Informacoes sobre ordens
| Nome do Produto | Numero de Catalogo | UNID | Preco | Qde | FAVORITOS | |
gp91phox Plasmídeo duplo de Nickase (m) | sc-419890-NIC | 20 µg | $410.00 | |||
gp91phox Plasmídeo duplo de Nickase (m2) | sc-419890-NIC-2 | 20 µg | $410.00 |
O gene Cybb de camundongo codifica a gp91phox (NOX2), a subunidade catalítica de membrana do complexo NADPH oxidase de fagócitos, que transfere elétrons do NADPH para o oxigênio molecular para gerar superóxido e, a jusante, espécies reativas de oxigênio. Essa explosão oxidativa sustenta a defesa antimicrobiana, a sinalização dependente de redox e a regulação de respostas inflamatórias por meio de vias que influenciam a maturação do fagossomo e a produção de citocinas. A atividade da gp91phox requer a montagem com a p22phox e fatores citosólicos como p47phox, p67phox e GTPases Rac nas membranas celulares. A interrupção da produção de EROs dependente de Cybb é amplamente utilizada como modelo de função imune inata alterada e de mecanismos de estresse oxidativo relevantes para fenótipos de imunodeficiência e inflamação em sistemas murinos.

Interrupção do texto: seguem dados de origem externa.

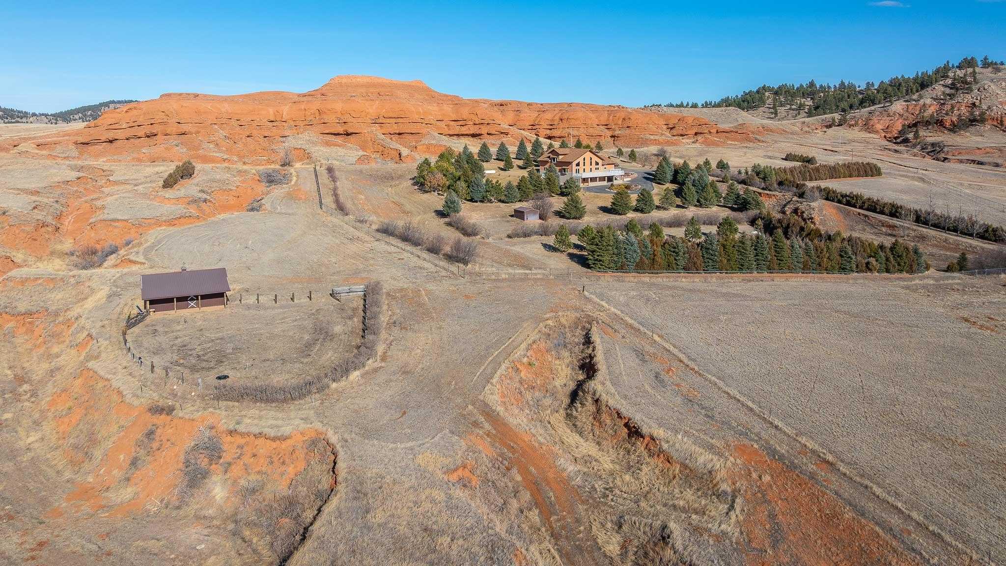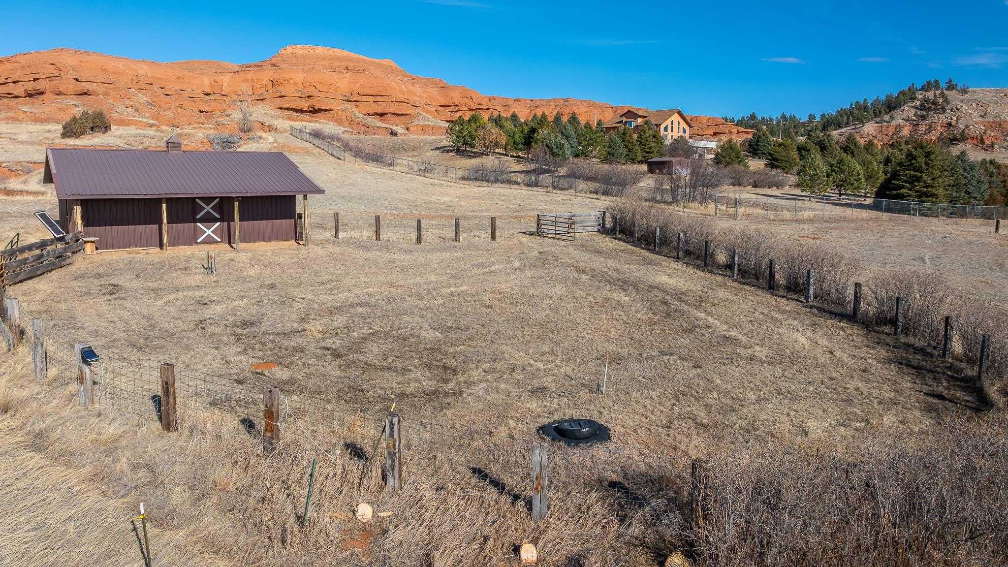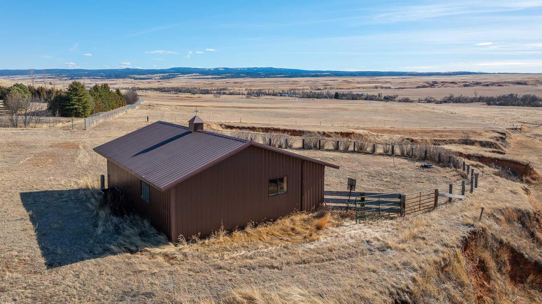 The Oleson Ranchette is a beautifully maintained 59-acre property that seamlessly blends comfort and functionality. Built in 2002, the home is surrounded by a six-foot chain-link fence with an electric automatic drive-through gate, complete with a battery backup for added convenience. Over the years, the owners have thoughtfully planted 1,400 trees, enhancing the propertys privacy and natural beauty. Designed for both equestrian and recreational use, the property includes a well-equipped horse barn with an attached lean-to and tack room, as well as a small shed for additional storage. The breathtaking views of Crow Peak to the southeast and the Bear Lodge Mountains to the west add to the propertys scenic appeal. With its ample space and versatile layout, the home is ideal as a private retreat or hunting lodge. A durable three-rail sucker rod fence lines the county road, contributing to both the propertys charm and security.

gp91phox O Plasmídeo de Nickase Dupla (m) consiste num par de plasmídeos combinados, concebidos para a edição de alta especificidade do locus Cybb em linhas celulares mouse. Cada plasmídeo expressa uma nickase Cas9 D10A e um sgRNA distinto que tem como alvo cadeias de ADN opostas dentro de Cybb. Quando direcionadas para locais adjacentes em cadeias de ADN opostas, as duas nickases geram cortes deslocados numa única cadeia que, em conjunto, produzem uma quebra escalonada de cadeia dupla, exigindo uma atividade coordenada no alvo por parte de ambas as guias. A quebra de ADN resultante é resolvida por vias de reparação celular endógenas, mais frequentemente através da junção de extremidades não homólogas (NHEJ), levando a inserções ou deleções que perturbam a função Cybb. Ao exigir o envolvimento de dois sgRNA no locus alvo, a abordagem de dupla nickase aumenta a especificidade da edição e fornece uma estratégia CRISPR complementar para aplicações em que se deseja um controlo adicional sobre a precisão do direcionamento.

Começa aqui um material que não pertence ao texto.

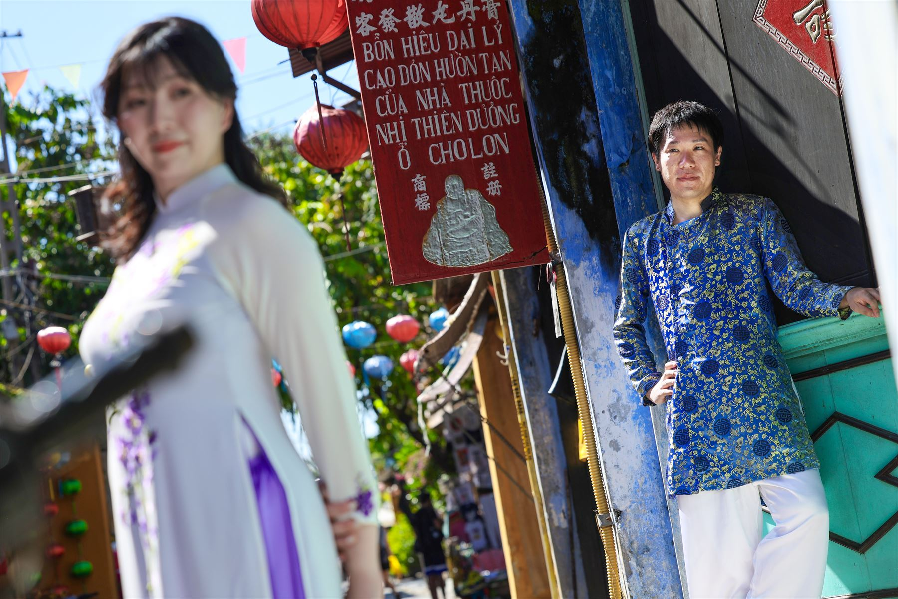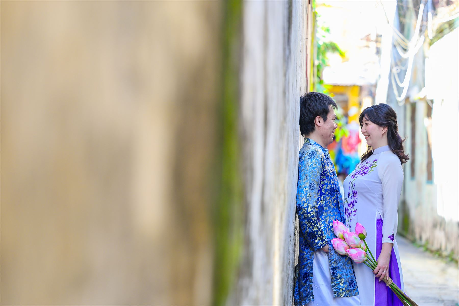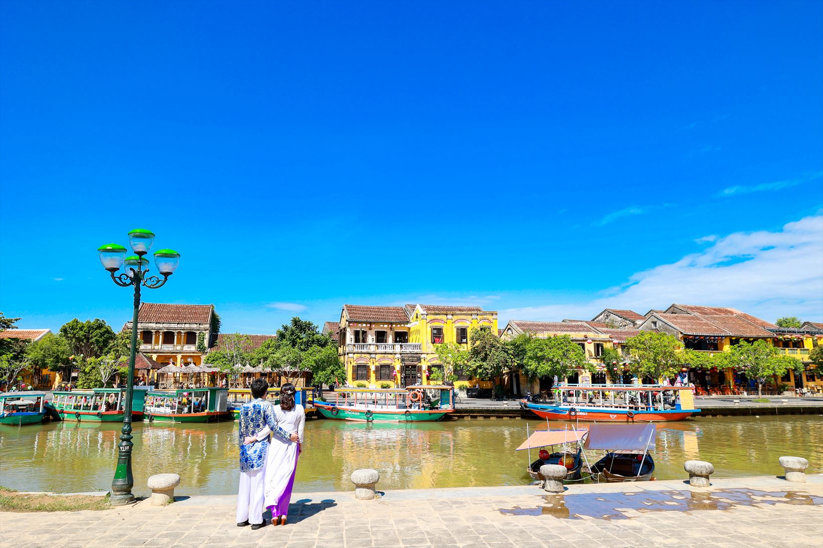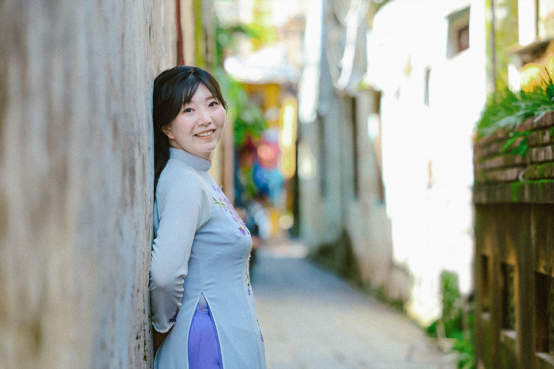 ホイアンは、古い街並みや建造物が残る歴史的な街として知られています。多くの建物が17世紀から19世紀にかけての中国や日本、フランスの影響を受けたものであり、その雰囲気は非常に魅力的です。お二人のアオザイ姿がホイアンの街並みとよく合っていますね。

Para apoiar a identificação eficiente das células editadas, um plasmídeo codifica GFP para visualização fluorescente das populações transfectadas, enquanto o plasmídeo complementar transporta um gene de resistência à puromicina para seleção antibiótica. Em conjunto, estas características apoiam o enriquecimento eficiente das populações co-transfectadas e simplificam a validação dos clones com Cybb interrompido.
Apenas para uso em investigação. Não se destina a uso diagnóstico ou terapêutico.